Industry also targets journal supplements – separately bound publications that, while carrying the name of the parent journal, are often sponsored by industry and tend not to be as rigorously peer-reviewed as the parent journal. [24]

Marketing messages created and promoted in ways such as these have led to the benefits of products being oversold and harms being downplayed.

Drug companies also place adverts in medical journals to promote their products. Typically these adverts include reference  to sources of evidence to back the claims being made. These may be convincing at first glance, but a different picture emerges when the evidence is scrutinized independently.

Even when the evidence comes from randomized trials – which those reading the adverts might well assume to be a reliable assessment – all is not as it seems. When researchers analyzed adverts in leading medical journals to see whether the randomized trial evidence stacked up, they found that only 17% of the trials referenced were of good quality, supported the claim being made for the drug in question, and were not sponsored by the drug company itself. And it is known that research sponsored in this way is more likely to find a favourable outcome for the company’s product. [25, 26]

Commentaries in prestigious medical journals such as The Lancet [27] have drawn attention to the perverse incentives now driving some of those involved in clinical research, and the increasingly dubious relationships between universities and industry.

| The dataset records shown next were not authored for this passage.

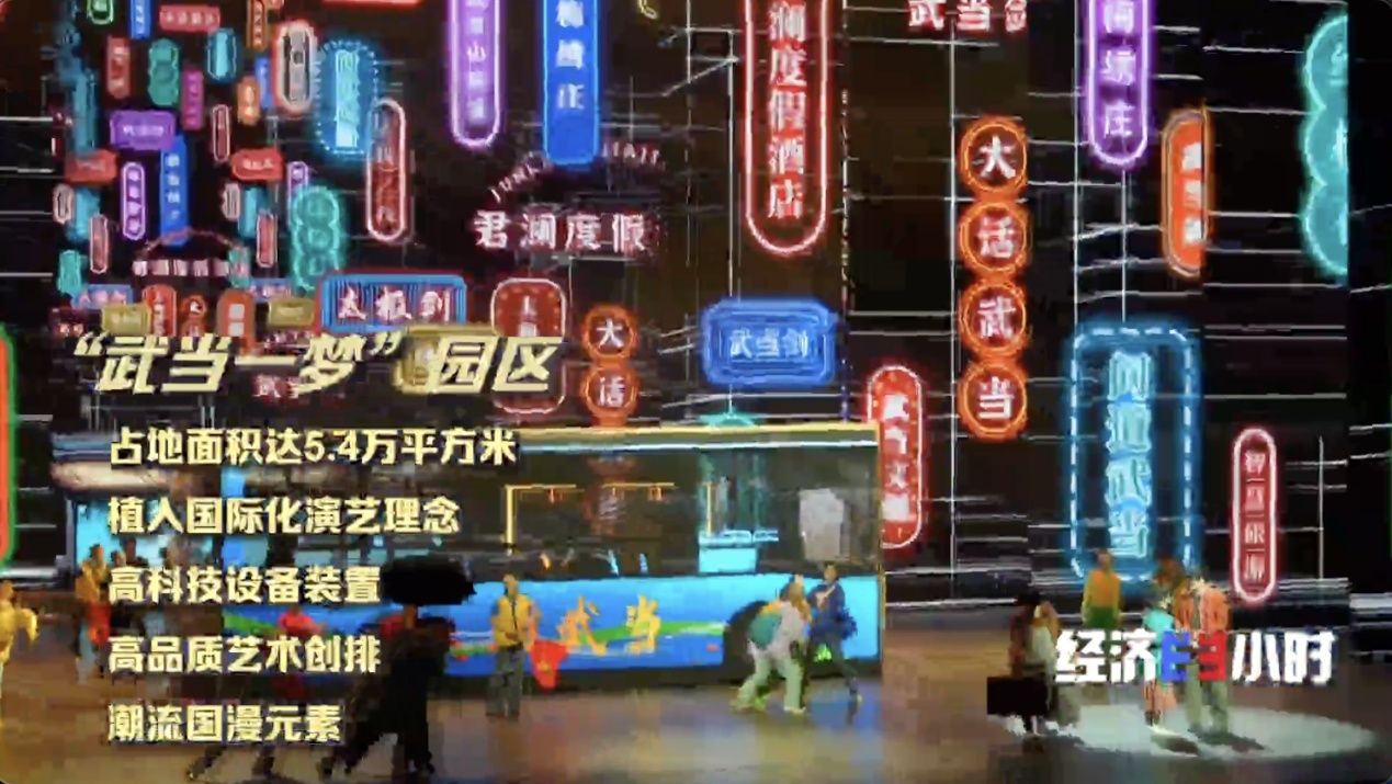 演艺节目《大话武当》,用穿越互动的形式演绎武侠故事,也是武当文化的新业态。这个节目位于占地面积达5.4万平方米的“武当一梦”园区,通过植入国际化演艺理念、高科技设备装置、高品质艺术创排和潮流国漫元素,为游客打造了沉浸式的文旅体验。
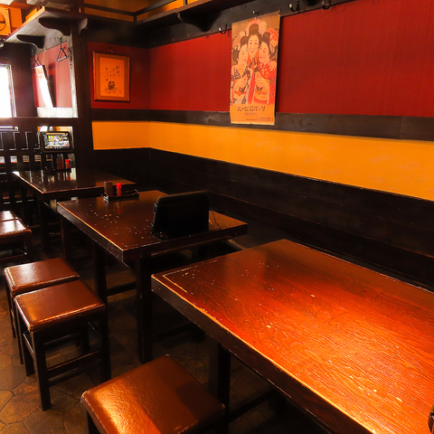 昭和の面影を残す木目の空間と、温かみある照明が印象的なテーブル席。2~4名でゆったり会話を楽しめる配置で、仕事仲間との食事やちょい飲みに最適!新橋で落ち着いた和空間をお探しの方に◎
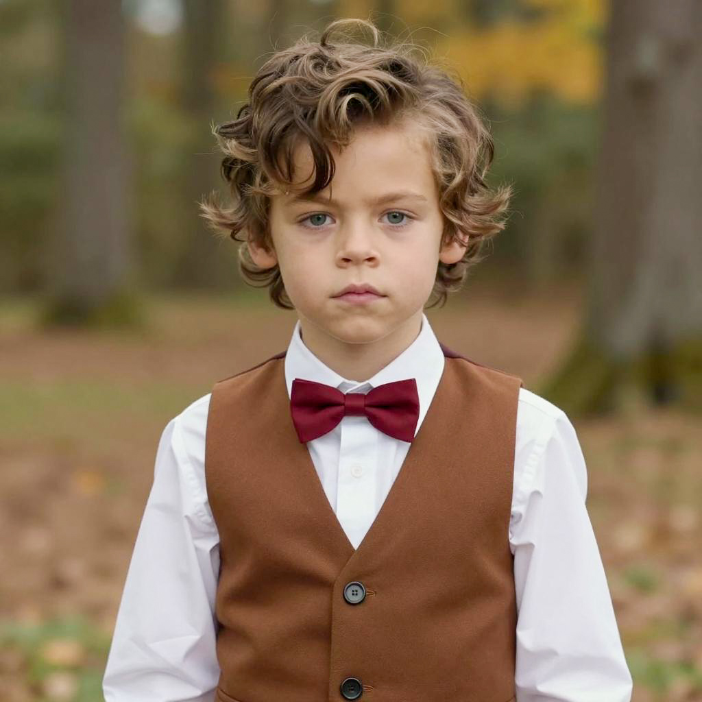 Portrait of a young boy with brown hair and a serious expression wearing a beige dress with brown suspenders, white lace puffy sleeves, and black buttons. The photo is taken outdoors in natural daytime light with a blurred background.
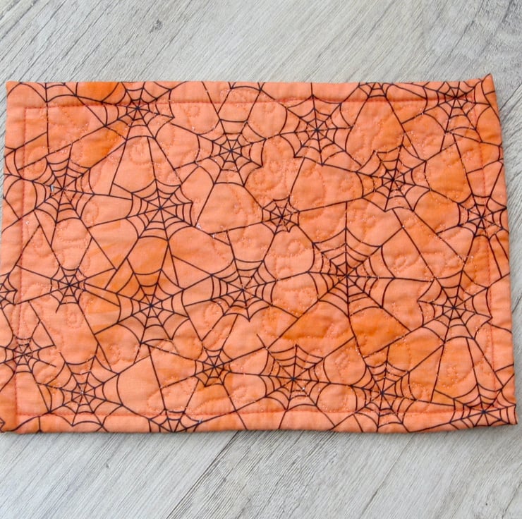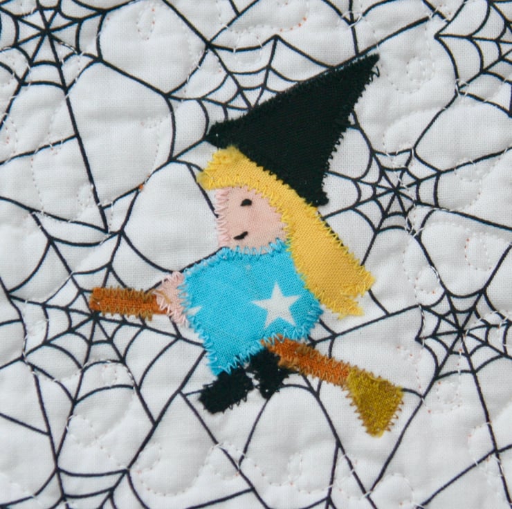 The front is a white fabric covered with spider webs and a Witch riding her broomstick appliquéd on the right hand side. The backing is orange with the same spider web pattern as the front. The two layers of cotton sandwich an eco-friendly polyester wadding made from recycled plastic bottles. The three layers are quilted together using a winding loop the loop pattern and the mug rug is bound with the backing fabric.
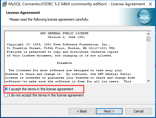 选择:I accept the terms in the license agreement
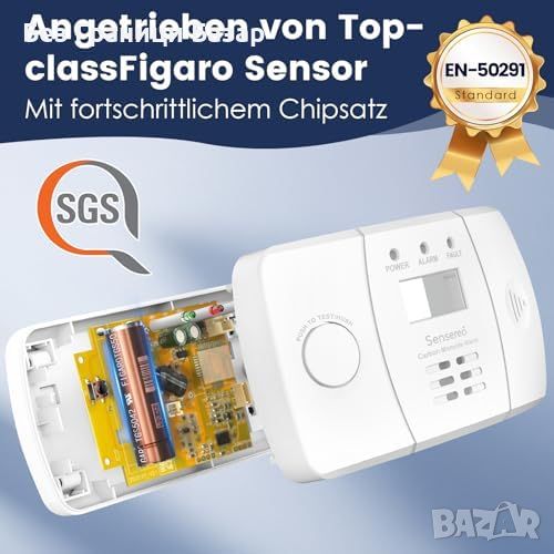 Нова Аларма за въглероден окис CO детектор Sensereo - LED/LCD дисплей, защита
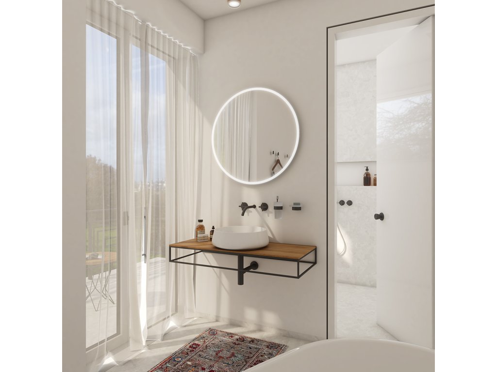 LED zrcadlo 600x600 Koupelnové podsvícené LED zrcadlo. Výkon 26 W, teplota chromatičnosti 6000 K. 1872 Lumen.Nová technologie svícení za použití akrylátového skla, plexiglass. Konstrukce pro uchycení zrcadla je z hliníkového rámu 32x19 mm, sklo zrcadla má tloušťku 5 mm. Průměr zrcadla 600 mm. Led pásky jsou ukryté v PVC tubě za sklem zrcadla. Světlo prochází skrz sklo a odráží se po celém obvodu zrcadla, tím vytváří i zajímavý světelný efekt na stěně. Připojení 220-240 V. Ochrana IP 44. Zrcadlo je bez vypínače. Zapojení zrcadla je do el. rozvodu a jeho zapínání je přes vypínač světel v místnosti. LED čipy mají vysoký výkon. Barevná teplota svítivosti je denní bílá – jasné polední světlo. Životnost LED diod je až 50 000 hodin.Doplňkové parametry
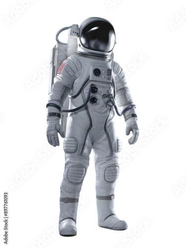 Fototapeta premium A 3D astronaut in a suit, resembling a futuristic cyborg warrior with...
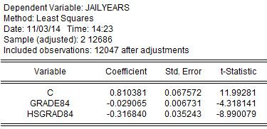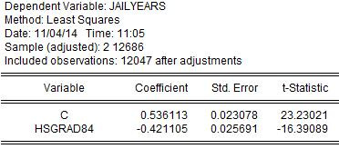 Are appearances revealing? I decided to see for myself in the NLSY. For convenience, I only look at the discrete effect of high school graduation, and equate “high school graduate” with “finished 12th grade.” My measure of crime continues to be the total number of times the respondent was interviewed in jail.
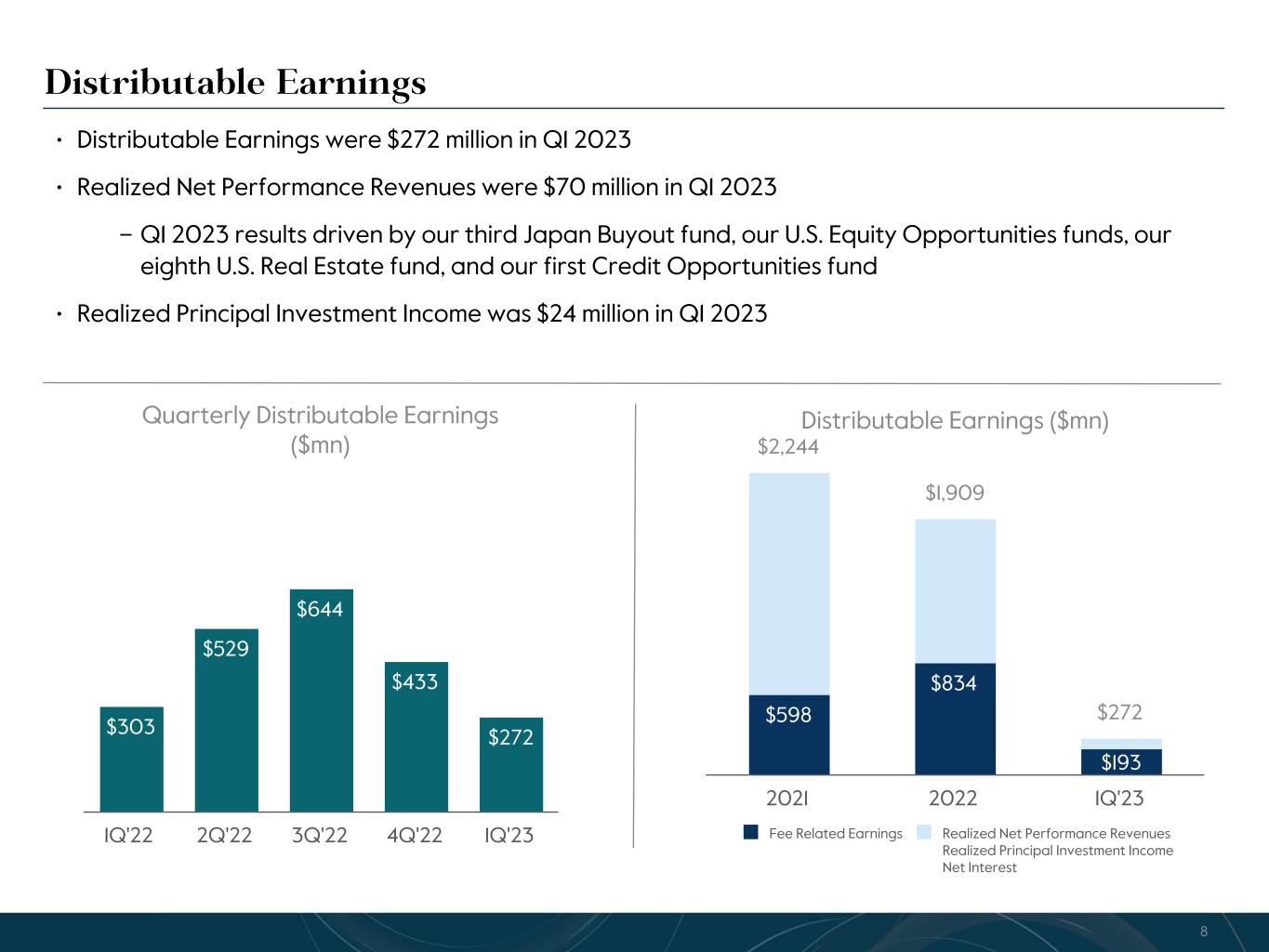 R-14 7 G-19 5 B-19 7 R-88 G-15 9 B-16 5 R-13 6 G-18 0 B-83 R-16 3 G-14 3 B-18 7 R-0 G-74 B-13 6 R-18 5 G-21 1 B-15 3 R-11 8 G-92 B-15 0 R-22 0 G-22 1 B-23 2 R-14 0 G-14 1 B-15 2R-12 0 G-16 9 B-22 2 Old Colors R-88 G-89 B-91 58595B R-23 G-234 B-234 EAEAEA R-208 G-232 B-247 D0E8F7 R-65 G-64 B-66 414042 R-8 G-51 B-94 08335E R-167 G-169 B-171 A7A9AB R-9 G-102 B-112 096670 R-220 G-221 B-222 DCDDDE R-97 G-161 B-224 61A1E0 R-237 G-217 B-157 EDD99D R-147 G-195 B-197 93C3C5 Distributable Earnings • Distributable Earnings were $272 million in Q1 2023 • Realized Net Performance Revenues were $70 million in Q1 2023 – Q1 2023 results driven by our third Japan Buyout fund, our U.S. Equity Opportunities funds, our eighth U.S. Real Estate fund, and our first Credit Opportunities fund • Realized Principal Investment Income was $24 million in Q1 2023 Quarterly Distributable Earnings ($mn) $303 $529 $644 $433 $272 1Q'22 2Q'22 3Q'22 4Q'22 1Q'23 Distributable Earnings ($mn) $598 $834 $193 $2,244 $1,909 $272 Fee Related Earnings Realized Net Performance Revenues Realized Principal Investment Income Net Interest 2021 2022 1Q'23 8

A former editor of the New England Journal of Medicine asked bluntly ‘Is academic medicine for sale?’ [28]

Commercial priorities are not the only perverse influences on patterns of biomedical research which ignore the interests of patients. Many people within universities and research funding organizations believe that improvements in health are most likely to stem from attempts to unravel basic mechanisms of disease. So, they do research in laboratories and with animals.

Although such basic research is unquestionably needed, there is precious little evidence to support its substantially greater share of funding than research involving patients. [29, 30] Yet the consequence has been a massive outpouring of laboratory research that has not been properly evaluated to see how relevant it is to patients.

One reason for this distortion is the hype surrounding the hoped-for clinical advances that basic research, especially genetics, might offer.

Yet, as Sir David Weatherall, a distinguished clinician and genetics researcher, observed in 2011, ‘Many of our major killers reflect the action of a large number of genes with small effects, combined with a major input from the physical and social environment. This work is producing valuable information about some disease processes, but it also emphasises the individuality and variability of the underlying mechanisms of diseases. Clearly, the era of personalised medicine based on our genetic makeup is a long way in the future.’ [31]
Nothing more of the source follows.